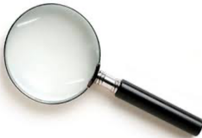
Figura 11 – Lupa de aumento

Fonte: http://www.pratikadistribuidora.com.br/acessibilidade
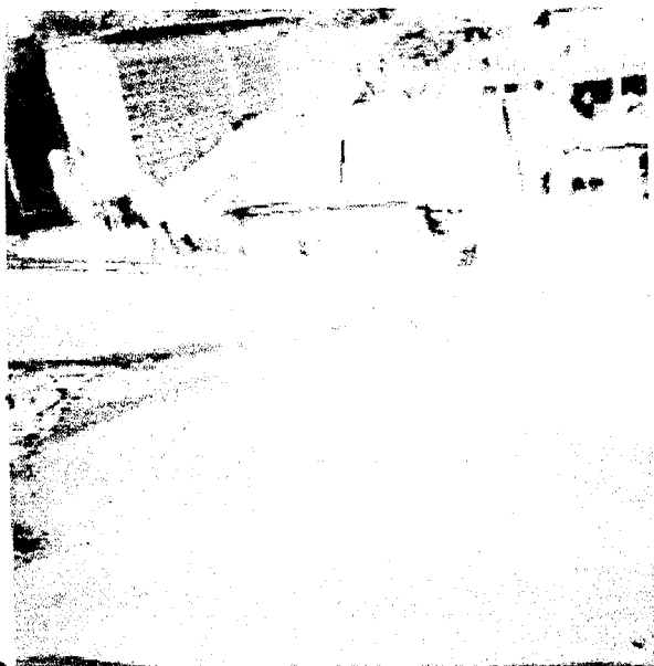
ESTUDIO JACOBS 16
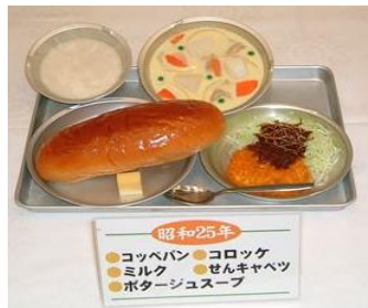
昭和25年 ●コッペパン ●コロッケ ●ミルク ●せんきゃべつ ●ポタージュスープ
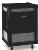
Gonvcn*rn r Hnndks 3500
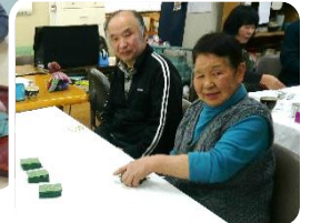
恒例の「坊主めぐり」は いつも真剣勝負！？
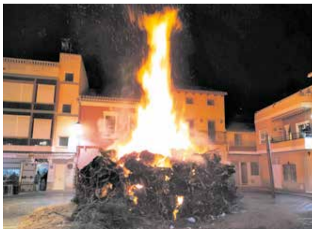
Hoguera de San Antón en Olocau en 2023.
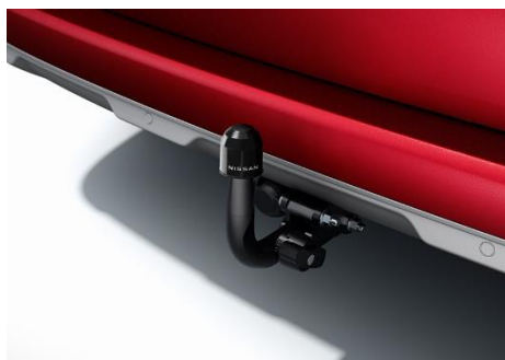
Hak holowniczy - zdejmowany
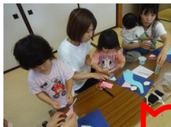
たなはた飾り製作
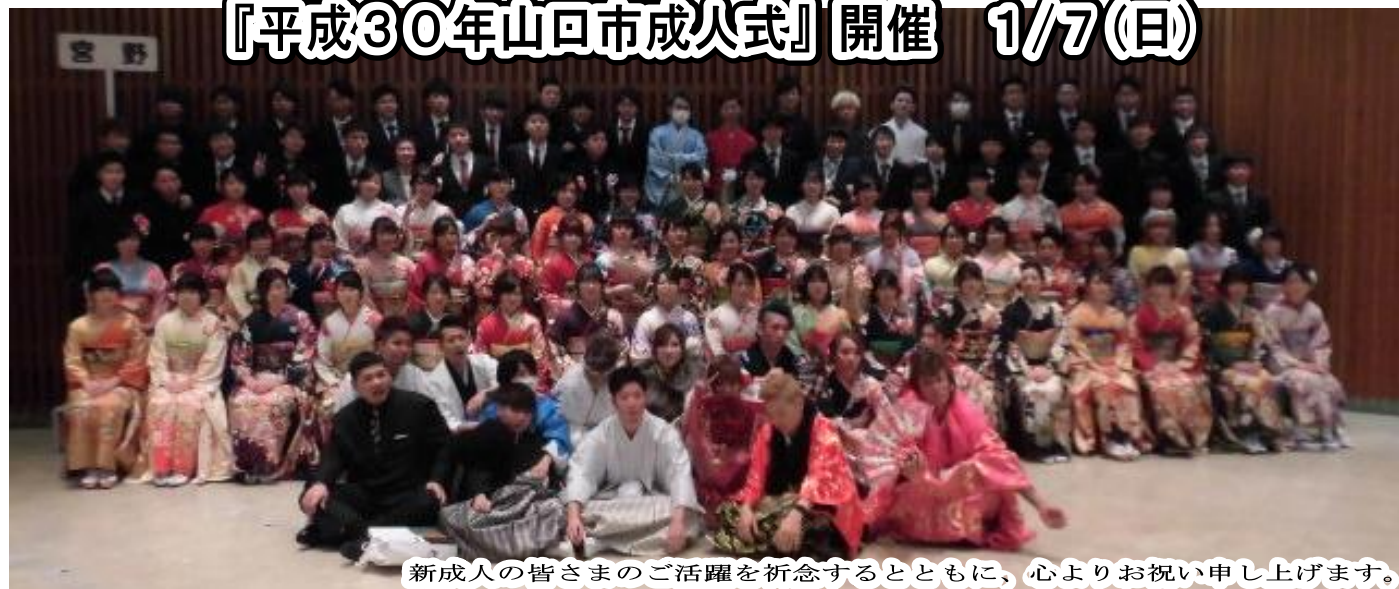
新成人の皆さまのご活躍を祈念するとともに、心よりお祝い申し上げます。

山口市成人式にて撮影しました記念写真ができました。当日の撮影に参加された方は、記念写真をお渡ししますので、下記のとおり宮野地域交流センター事務室までお越しください。※ご家族・代理の方でも結構です。 【期間】2月1日(木)～3月30日(金) 平日の8時30分～17時15分 【料金】無料(宮野財産区からの寄贈) 【場所】宮野地域交流センター(TEL 928-0250)
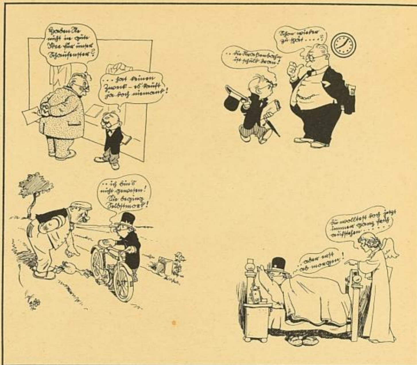
Etwa 1/2 der Originalgröße

Ausreden! Das ist auch so'n Kapitel! Darum sind Sie ja nie verlegen! Das ist ein ganz wunderbares Mittel, sich zu drücken vor lästigen Wegen! Dumm, daß wir nicht in der Schule sitzen! O, dann hämmerte ich's Ihnen ein, ließe Sie schreiben, bis daß Sie schwißen: „Ich soll doch nicht so träge sein!“ Denn Ihr Pessimismus, mein Lieber, ist ja nur Trägheit — zu neunzig Prozent! Es erscheint die Welt umso trüber, je mehr man von seinen Chancen verpennt. Aufgewacht, edler Fürst! Und Optimist sein! Zugepaßt! Ausweichen ist nicht erlaubt! Ausreden können noch so voll List sein — keine hilft, daß Dir Dein Herz nicht verstaubt!
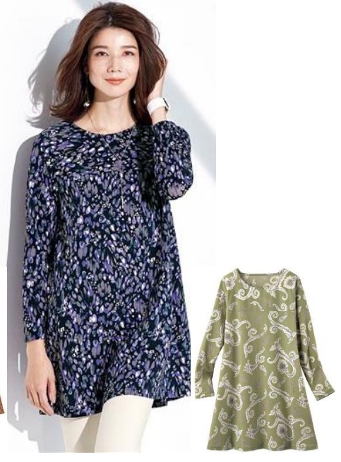
プリントフレアチュニック 3,790 円～ (品番: NB-5828)
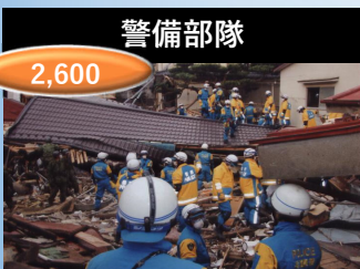
被災者の救出救助
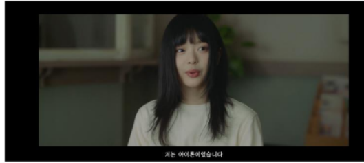
Gambar 6. Scene 2 shot 6 MV New Jeans "OMG"
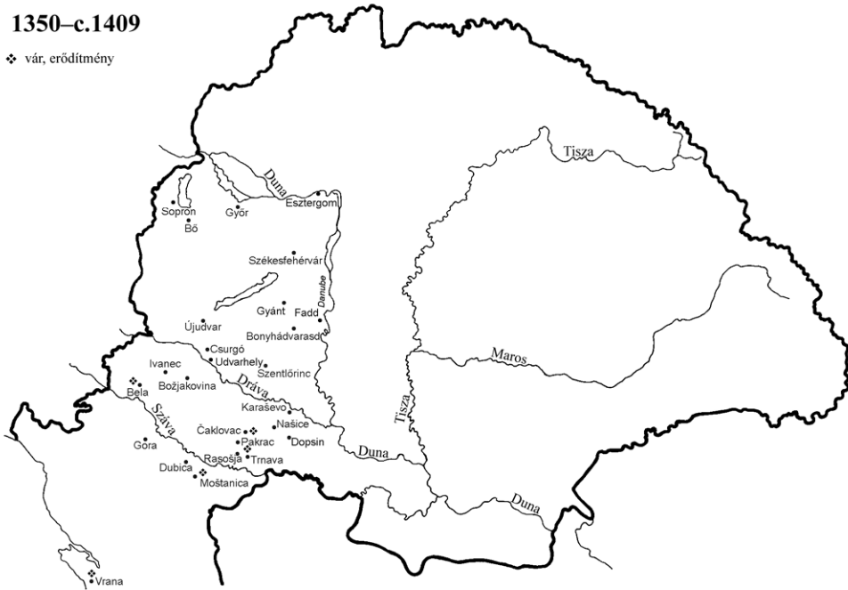
Johannita preceptoriumok a 15. század elejéig

Nemcsak a rendi vezetés vagy a tartomány viszályaira van számottevően több adatunk a 14. századból, hanem az egyes adminisztratív egységekre és azok átszervezésére is. Szembetűnő, hogy a korábban átvett templomos preceptoriumok eltűntek a század végére, birtokait vélhetően az eredendően is johannita preceptorok kezelték, illetve egy részük camera prioralisként a magyar–szlávón (vránai) perjel bevételeit gyarapította. 318 Az átszervezések során a 14. század második felében néhány új, rövid életű preceptorium tűnt fel (Moštanica és Fadd), amelyek eredendően a Rend birtokai voltak, s egy időre önállósodtak. Ezekkel együtt az Anjou-kor végén, illetve a Zsigmond-kor első felében nagyjából két tucat preceptoriummal számolhatunk a Magyar–Szlávón tartományban. A legjelentősebb és

### WORK TO BE COMPLETED:
Each entry above should be reproduced exactly, with the pictures removed.

### EXPECTED ANSWER:
Figura 11 – Lupa de aumento

Fonte: http://www.pratikadistribuidora.com.br/acessibilidade
ESTUDIO JACOBS 16
昭和25年 ●コッペパン ●コロッケ ●ミルク ●せんきゃべつ ●ポタージュスープ
Gonvcn*rn r Hnndks 3500
恒例の「坊主めぐり」は いつも真剣勝負！？
Hoguera de San Antón en Olocau en 2023.
Hak holowniczy - zdejmowany
たなはた飾り製作
新成人の皆さまのご活躍を祈念するとともに、心よりお祝い申し上げます。

山口市成人式にて撮影しました記念写真ができました。当日の撮影に参加された方は、記念写真をお渡ししますので、下記のとおり宮野地域交流センター事務室までお越しください。※ご家族・代理の方でも結構です。 【期間】2月1日(木)～3月30日(金) 平日の8時30分～17時15分 【料金】無料(宮野財産区からの寄贈) 【場所】宮野地域交流センター(TEL 928-0250)
Etwa 1/2 der Originalgröße

Ausreden! Das ist auch so'n Kapitel! Darum sind Sie ja nie verlegen! Das ist ein ganz wunderbares Mittel, sich zu drücken vor lästigen Wegen! Dumm, daß wir nicht in der Schule sitzen! O, dann hämmerte ich's Ihnen ein, ließe Sie schreiben, bis daß Sie schwißen: „Ich soll doch nicht so träge sein!“ Denn Ihr Pessimismus, mein Lieber, ist ja nur Trägheit — zu neunzig Prozent! Es erscheint die Welt umso trüber, je mehr man von seinen Chancen verpennt. Aufgewacht, edler Fürst! Und Optimist sein! Zugepaßt! Ausweichen ist nicht erlaubt! Ausreden können noch so voll List sein — keine hilft, daß Dir Dein Herz nicht verstaubt!
プリントフレアチュニック 3,790 円～ (品番: NB-5828)
被災者の救出救助
Gambar 6. Scene 2 shot 6 MV New Jeans "OMG"
Johannita preceptoriumok a 15. század elejéig

Nemcsak a rendi vezetés vagy a tartomány viszályaira van számottevően több adatunk a 14. századból, hanem az egyes adminisztratív egységekre és azok átszervezésére is. Szembetűnő, hogy a korábban átvett templomos preceptoriumok eltűntek a század végére, birtokait vélhetően az eredendően is johannita preceptorok kezelték, illetve egy részük camera prioralisként a magyar–szlávón (vránai) perjel bevételeit gyarapította. 318 Az átszervezések során a 14. század második felében néhány új, rövid életű preceptorium tűnt fel (Moštanica és Fadd), amelyek eredendően a Rend birtokai voltak, s egy időre önállósodtak. Ezekkel együtt az Anjou-kor végén, illetve a Zsigmond-kor első felében nagyjából két tucat preceptoriummal számolhatunk a Magyar–Szlávón tartományban. A legjelentősebb és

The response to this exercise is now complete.